§ **Aim of the exercise**
Please write out only the lines from the line with "Prase říká: Vyvalím" to the line with "The Perry 6", inclusive, exactly as they stand below, without the pictures.

§ **Data listing**
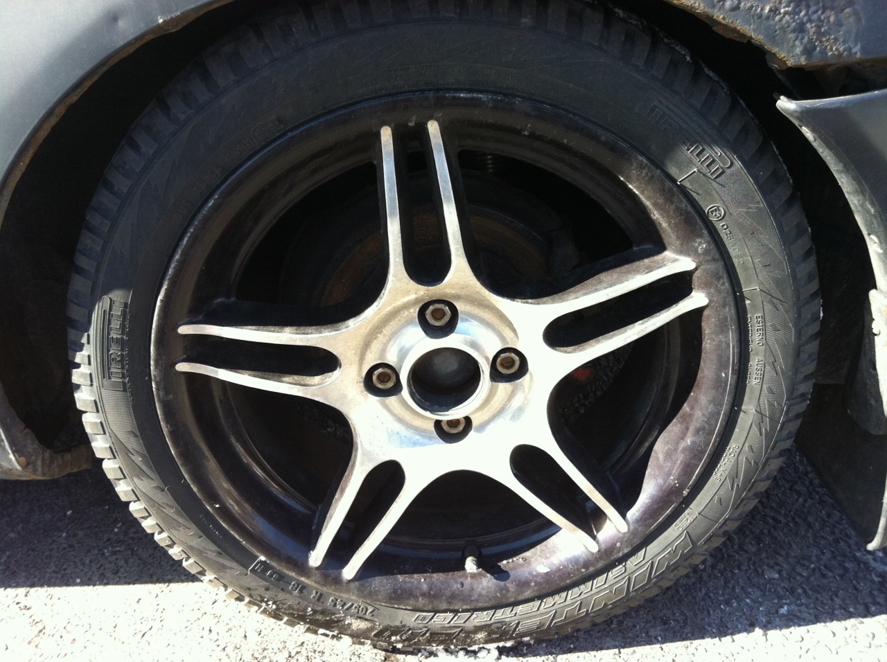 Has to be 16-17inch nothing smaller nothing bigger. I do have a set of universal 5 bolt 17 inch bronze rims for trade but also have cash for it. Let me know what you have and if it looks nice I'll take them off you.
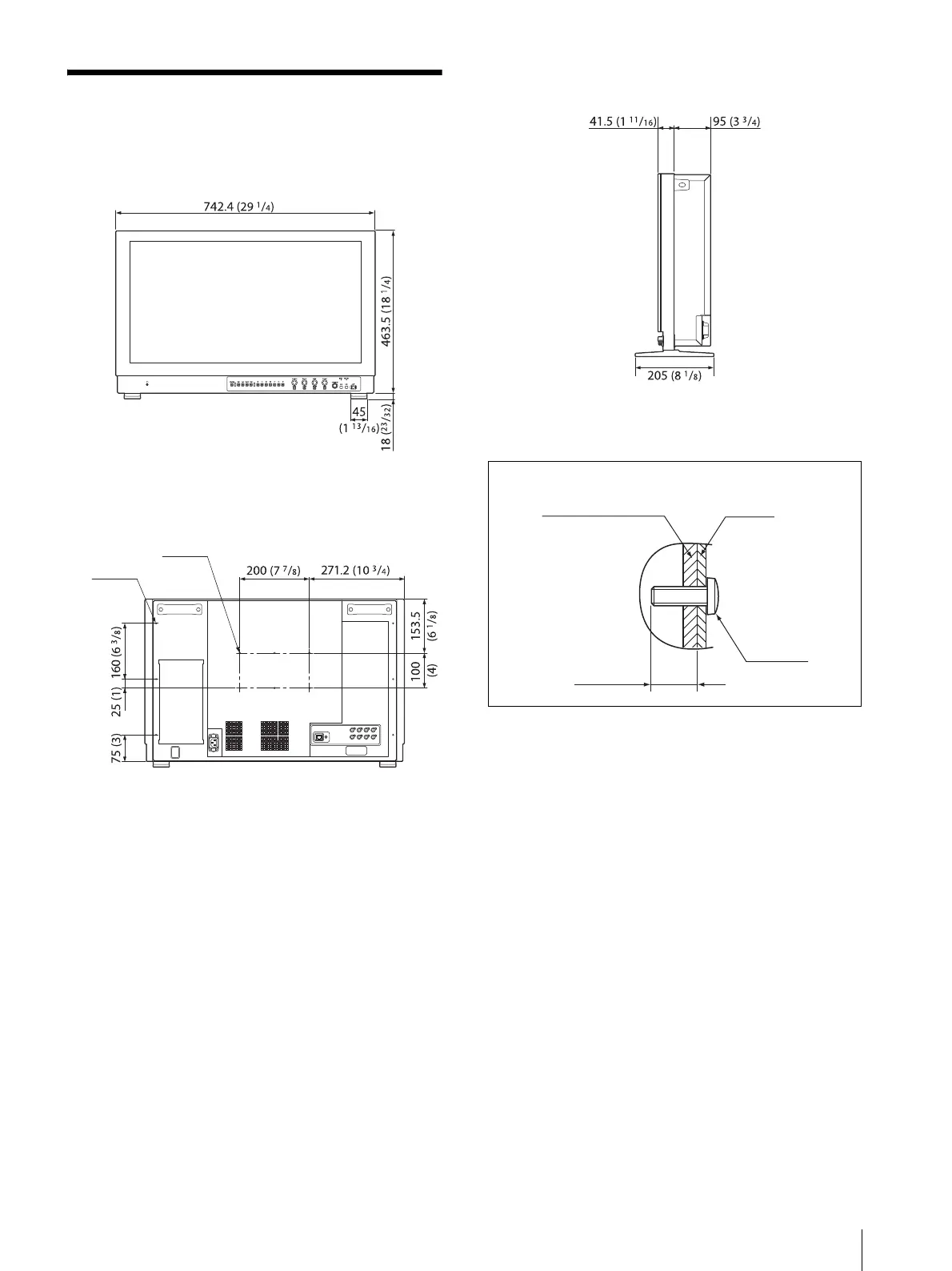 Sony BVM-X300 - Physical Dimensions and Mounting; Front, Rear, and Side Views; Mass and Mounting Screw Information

==

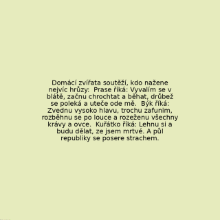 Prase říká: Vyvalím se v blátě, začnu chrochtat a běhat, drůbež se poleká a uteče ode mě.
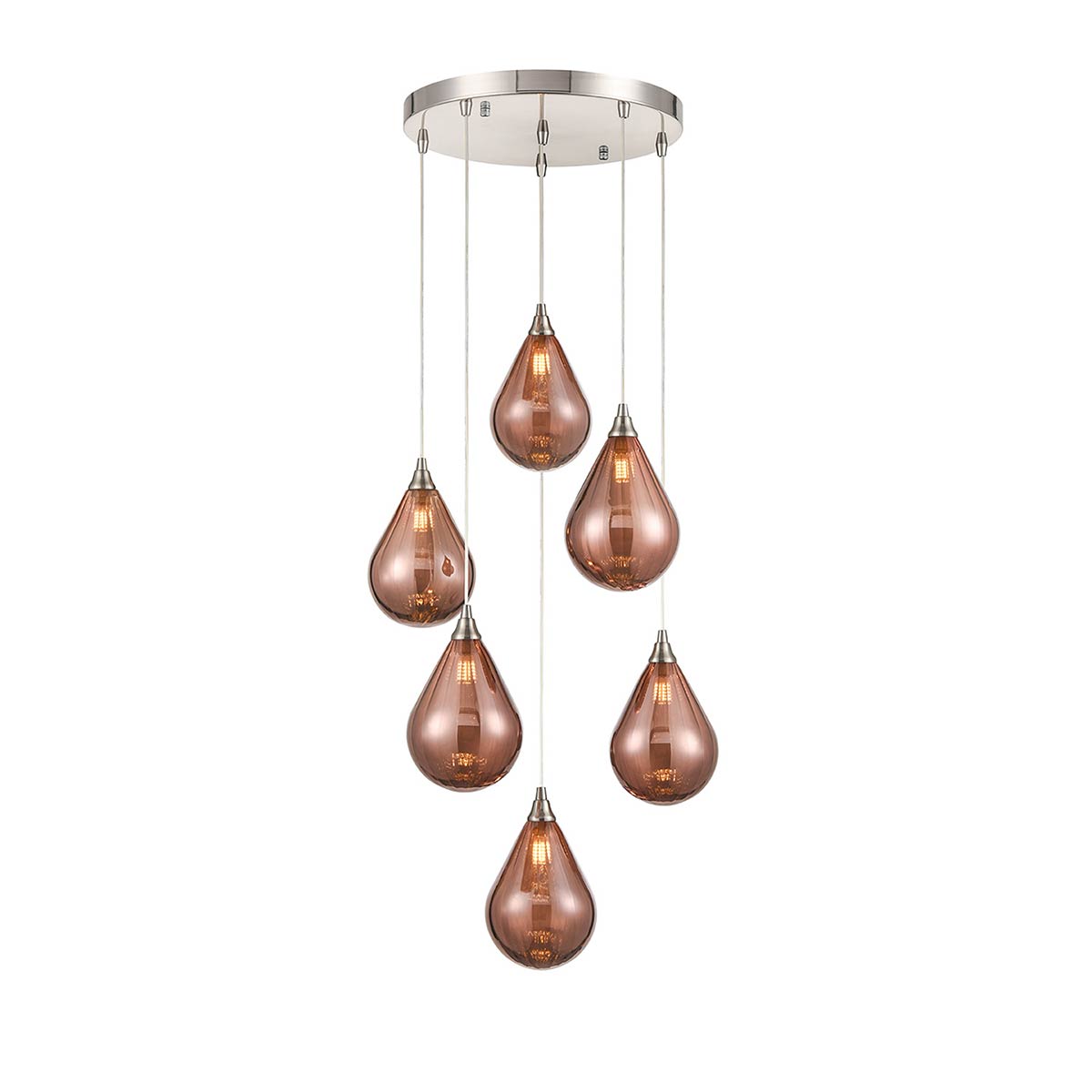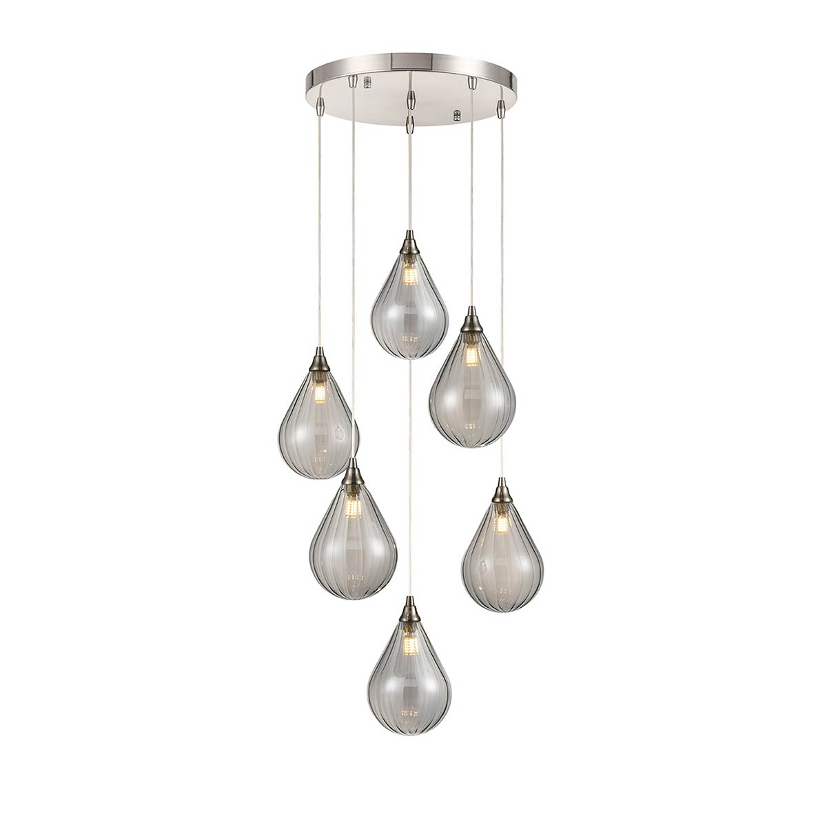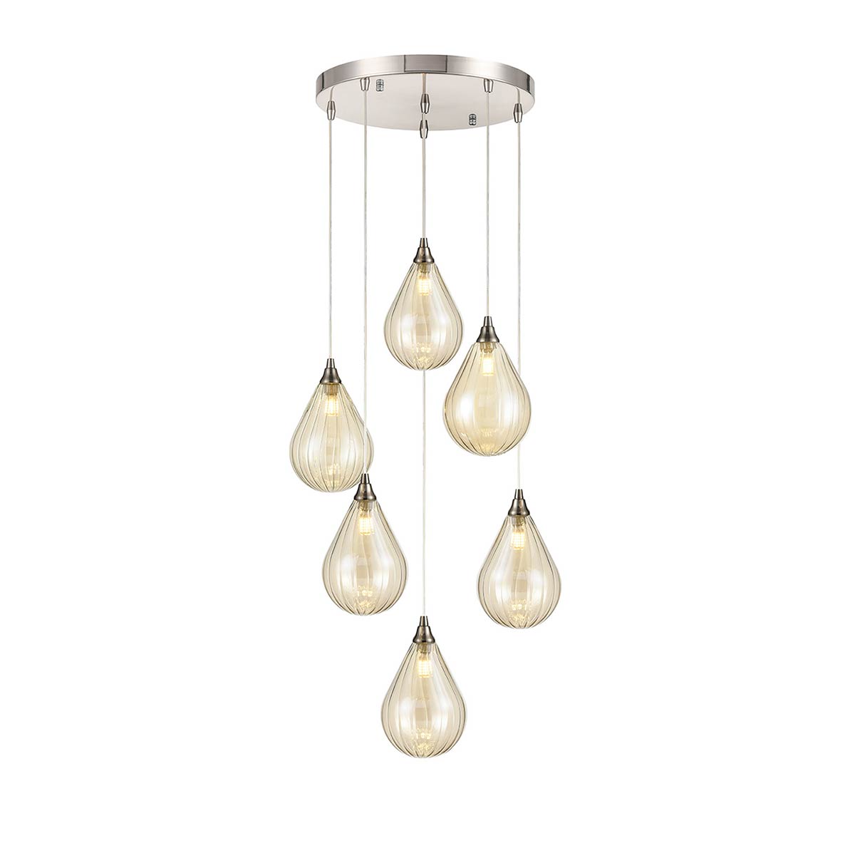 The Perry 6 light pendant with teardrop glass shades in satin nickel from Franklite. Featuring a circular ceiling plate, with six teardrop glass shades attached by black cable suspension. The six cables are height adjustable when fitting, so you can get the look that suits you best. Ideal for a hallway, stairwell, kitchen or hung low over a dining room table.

...

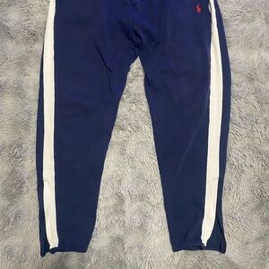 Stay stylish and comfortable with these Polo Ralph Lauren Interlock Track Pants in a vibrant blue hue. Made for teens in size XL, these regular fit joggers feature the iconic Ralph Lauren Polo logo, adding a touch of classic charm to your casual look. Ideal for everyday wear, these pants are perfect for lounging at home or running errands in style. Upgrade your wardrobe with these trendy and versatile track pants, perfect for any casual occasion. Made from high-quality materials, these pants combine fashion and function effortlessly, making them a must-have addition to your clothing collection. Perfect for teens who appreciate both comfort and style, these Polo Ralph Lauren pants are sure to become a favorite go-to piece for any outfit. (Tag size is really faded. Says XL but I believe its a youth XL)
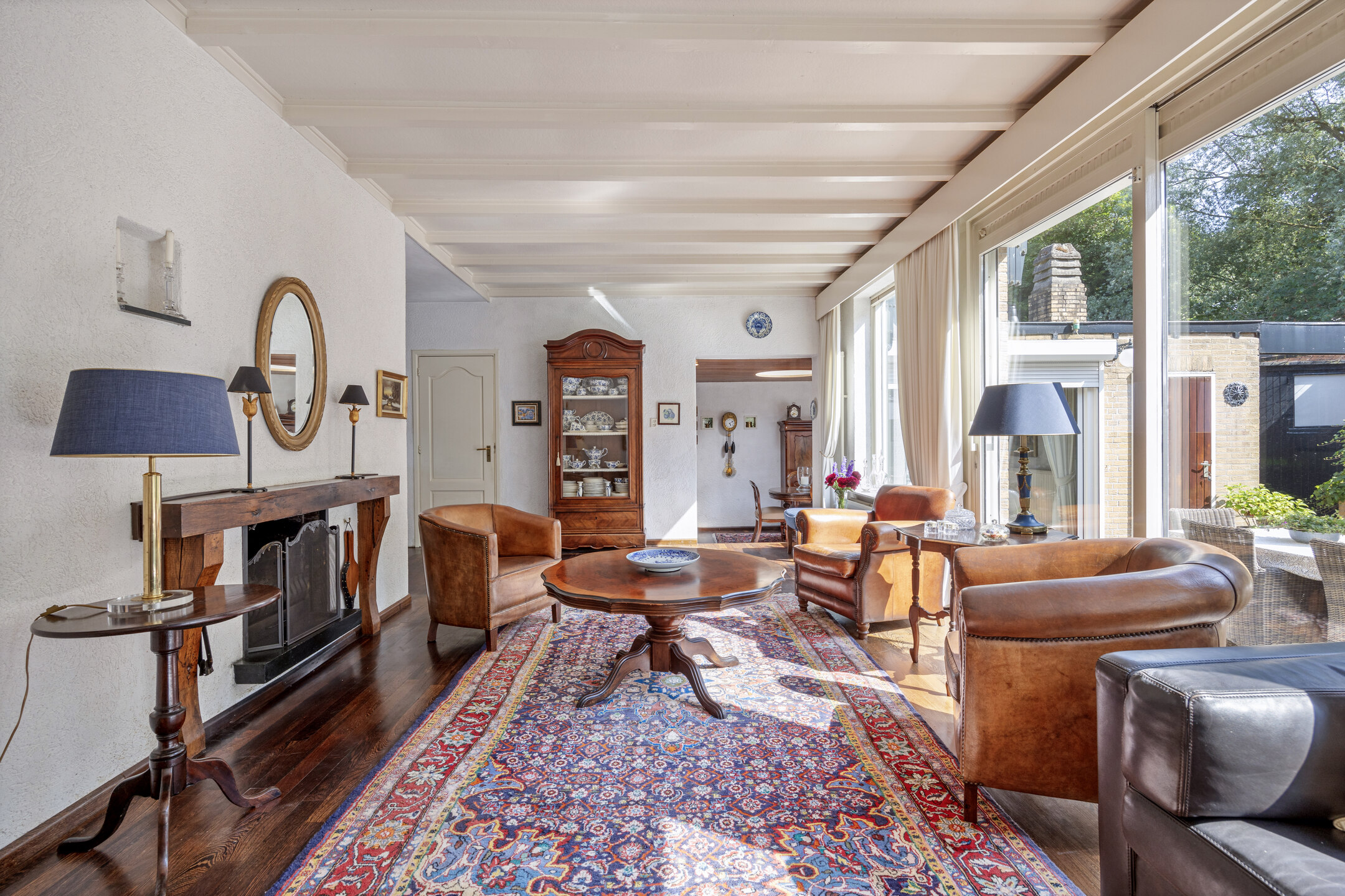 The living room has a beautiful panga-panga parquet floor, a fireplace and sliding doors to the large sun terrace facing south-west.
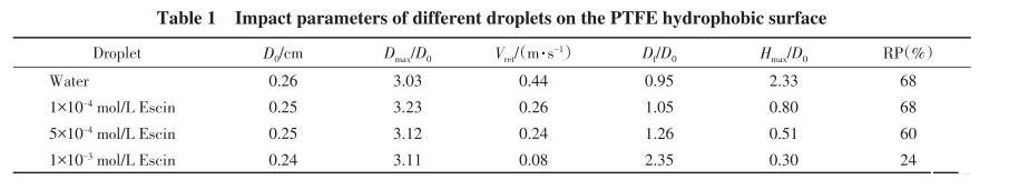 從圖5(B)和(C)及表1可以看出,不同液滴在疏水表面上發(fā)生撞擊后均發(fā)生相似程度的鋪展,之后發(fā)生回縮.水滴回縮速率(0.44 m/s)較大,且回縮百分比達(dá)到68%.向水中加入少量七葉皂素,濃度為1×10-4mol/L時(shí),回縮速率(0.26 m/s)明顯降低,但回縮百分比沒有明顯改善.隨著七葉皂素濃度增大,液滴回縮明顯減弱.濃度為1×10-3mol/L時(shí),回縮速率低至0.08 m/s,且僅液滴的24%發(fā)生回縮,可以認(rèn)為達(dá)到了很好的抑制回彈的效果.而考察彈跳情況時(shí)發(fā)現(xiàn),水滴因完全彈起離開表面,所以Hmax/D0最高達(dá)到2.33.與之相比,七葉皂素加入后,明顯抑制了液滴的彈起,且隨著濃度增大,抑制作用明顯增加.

§ **Reply**
 Prase říká: Vyvalím se v blátě, začnu chrochtat a běhat, drůbež se poleká a uteče ode mě.
 The Perry 6 light pendant with teardrop glass shades in satin nickel from Franklite. Featuring a circular ceiling plate, with six teardrop glass shades attached by black cable suspension. The six cables are height adjustable when fitting, so you can get the look that suits you best. Ideal for a hallway, stairwell, kitchen or hung low over a dining room table.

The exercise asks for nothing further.